Over the years, Toyota has built factories in the US for two main reasons: to build political support in as many communities/states as possible, and to provide a sort of "insurance policy" against protectionist policies and currency fluctuations that would make putting all of its factory "eggs" into one basket potentially disastrous. However, with the Japanese yen being inexpensive relative to the dollar, it's more profitable for Toyota to import cars from Japan.
According to the article, the policy shift was driven by two of the company's former presidents: Shoichiro Toyoda (1981-1992) and Hiroshi Okuda (1995-1999) who are still members of the company's board. These men were concerned that Toyota has built too many plants in the US too quickly, and hadn't fully considered the economics of the decisions.
The supply chain complexities that come from a geographically diverse manufacturing base (Toyota has plants for engines, parts, or vehicles in eight states). Toyota's four most recent assembly plant projects have only one production line each (the most efficient plants Toyota operates have two or more lines).
In contrast, most of Toyota's factories in Japan are concentrated in Toyota City, which makes the supply chain much easier and less expensive to manage, and most of the company's plants in Japan can build up to six different models each, instead of one or two built in the company's North American plants.

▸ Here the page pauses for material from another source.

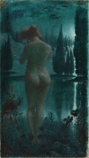 L’œuvre du symboliste Lucien Levy-Dhurmer (1865-1953) multiplie les femmes mélancoliques, les incarnations de l’automne et les figures du silence ou de l’énigme, au moyen d’un traitement virtuose du pastel. Si certaines œuvres, telles Circé et Hélène de Troie (collections privées), mêlent références homériques et contemporaines (dans ces deux œuvres, le décor qui accompagne les héroïnes n’est autre que Paris, désignant une actualisation des mythes), nombre d’autres pastels relèvent d’une intemporalité mystérieuse et poétique. C’est le cas du triptyque à l’huile L’Eden, exposé au Salon de la Société nationale des beaux-arts en 1899 et dont il existe une réplique au pastel et des reprises partielles. L’huile Regrets, version isolée de la partie droite du triptyque (les deux autres étant Émoi et Passion), s’inscrit dans la vision symboliste que le peintre donne de l’iconographie traditionnelle de l’histoire d’Adam et Ève. Levy-Dhurmer s’éloigne de la seule signification biblique pour évoquer les affres de l’amour sur un plan plus humain que théologique. Donnant à la femme nue, vue de dos, et dotée d’une coiffure contemporaine, la posture d’une pleureuse, l’artiste traite le personnage et le paysage dans une harmonie de bleus, jusqu’à presque les confondre. Couleur favorite de Levy-Dhurmer, ce chromatisme nocturne érige le paysage en sanctuaire de l’âme. La fusion de l’humain avec la nature ou le mystère de villes comme Bruges, Venise et Istanbul, est caractéristique du peintre entre 1896 et le début du XXe siècle. Sa pratique, plastique comme iconographique, atteint à une déréalisation qui projette le spectateur dans un autre monde.

My take: It appears that Toyota has allowed themselves to become a little complacent over the years...almost making very expensive factory construction decisions on auto pilot, when there may have been a better alternative. I congratulate them on identifying the problem before it's too late, like most of their domestic competition did for the past two decades. If Toyota's record profits of the past year or two are coming on the back of some fundamentally unsound decisions like these, imagine what they can accomplish if they sharpen their focus and concentrate more on profitability and cost reductions than on political goodwill and making the "automatic" choice.